Thankfully, I had some good coaches that motivated and pushed me to be a better player. I shook off the rust from the mission, got back into shape and I was feeling good. Then the coaching staff changed completely so it felt like I was starting all over again.
(USU’s head coach Craig) Smith was honest and real with me. He told me that he thought that I could definitely get some minutes playing in his system. I believed him. So I worked even harder, and thankfully, earned a scholarship. That was one of the greatest experiences of my life.
I’ll never forget calling my family. My mom was crying and it was very emotional for all of us. They believed in me when most coaches didn’t. They believed in me all the way and pushed me to be where I’m at. I couldn’t be more grateful for them and also coach Smith for giving me the opportunity.
DN: You have a YouTube channel with videos of you singing and playing the ukulele. Why the ukulele?

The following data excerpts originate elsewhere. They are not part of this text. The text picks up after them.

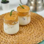 - เทนมสดใส่แก้วที่มีน้ำแข็งไว้ จากนั้นนำครีมกาแฟที่เราตีไว้มาใส่ไว้ด้านบน ตกแต่งด้วยกิ่งโรสแมรีให้สวยงาม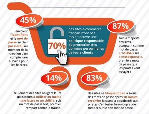 Hélas, une étude réalisée par Dashlane, société spécialisée dans la sécurisation informatique des comptes clients, révèle que les sites de vente en ligne français se montrent encore très majoritairement imprudents (70 %) quant à la protection des données personnelles des consommateurs.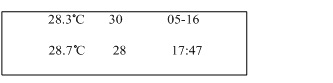主机LCD1602液晶显示从机1和从机2实时采集的温度值、时间和日期。如图10-6所示。从机1温度为28.3℃,从机2温度为28.7℃,温度上限为30℃、下限为28℃,当前日期为5月16日17点47分。

JB: I started playing the ukulele because of my second oldest brother, Tyler. He learned from a family in our ward back in Oklahoma.
I feel like I’m a good singer but I didn’t really have anything to play. I played the piano for a couple of years but would play basketball instead of practicing. I wanted to play something kind of quick and easy so I picked up the ukulele and literally watched YouTube videos from random people. I was kind of self-taught, never took lessons or anything. I started playing and after a couple of years, posting videos.
Our family is super musical, about everyone plays an instrument of some sort. We all love to sing. So it’s kind of a perfect match. Ask anyone on the team, I’m always humming in the locker room so it probably gets old for them, but I enjoy it.
DN: What was the hardest thing you experienced in 2020 and how did you come through it?
JB: Probably the most difficult part for me was just the uncertainty of the future. I’m someone who likes to plan ahead and know things in advance. So not knowing exactly what was gonna come with scheduling and basketball games, are we going to have a season? All of that accumulated to be really hard for me.
But I think coach Smith said it best. His quote has always been, “We’ve just got to control the controllables.” There’s nothing we can do about the things out of our control. We can’t control what the NCAA is going to say or do in regards to COVID-19. But he says we can control two things — our effort and our attitude. Those things have never changed. Thankfully, he’s instilled that in me to where I don’t have to wonder what’s going to come next. As long as I’m working hard and being positive, things are gonna work out.